1. Deriving Vocabulary

To perform tree decomposition over a set of molecules, run

python ../fast_jtnn/mol_tree.py < ../DATA/ZINC/PROCESSED/train.txt

This gives you the vocabulary of cluster labels over the dataset train.txt.

2. Preprocess the data

python ../fast_jtnn/preprocess.py --train ../DATA/ZINC/PROCESSED/train.txt --split 100 --jobs 16
cd fast_jtnn
mkdir moses-processed
mv tensor* moses-processed

This script will preprocess the training data (subgraph enumeration & tree decomposition), and save results into a list of files. We suggest you to use small value for --split if you are working with smaller datasets.

Preprocessing

First, you need to download the data and do some preprocessing.

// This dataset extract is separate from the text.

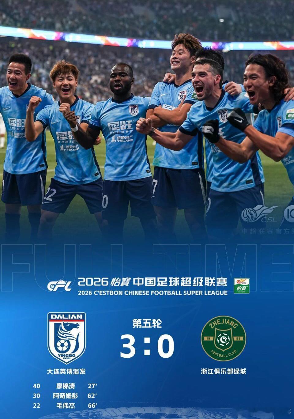 大连英博3-0横扫浙江队,已经连斩3大豪门上海海港、山东泰山、浙江队。值得一提是大连控球率仅28%,照样轻松干掉浙江,可见所谓控球率和打赢是两码事。另外小伙子毛伟杰表现相当出色,大有潜力。

To do this, run:

python manage.py preprocess --dataset <DATASET_NAME>

where <DATASET_NAME> must be ZINC or PCBA. At the moment, we support only these two.

Use python manage.py preprocess --help to see other useful options for preprocessing.

This will download the necessary files in the DATA folder, and will preprocess them as described in the paper.

Running

After preprocessing, you may run the framework altogether (training + samplling) by running the default script:

bash runscript5_3.sh

where runscript5_3.sh contains the

Training

You can also train the model solely running:

python manage.py train --dataset <DATASET_NAME>

where <DATASET_NAME> is defined as described above.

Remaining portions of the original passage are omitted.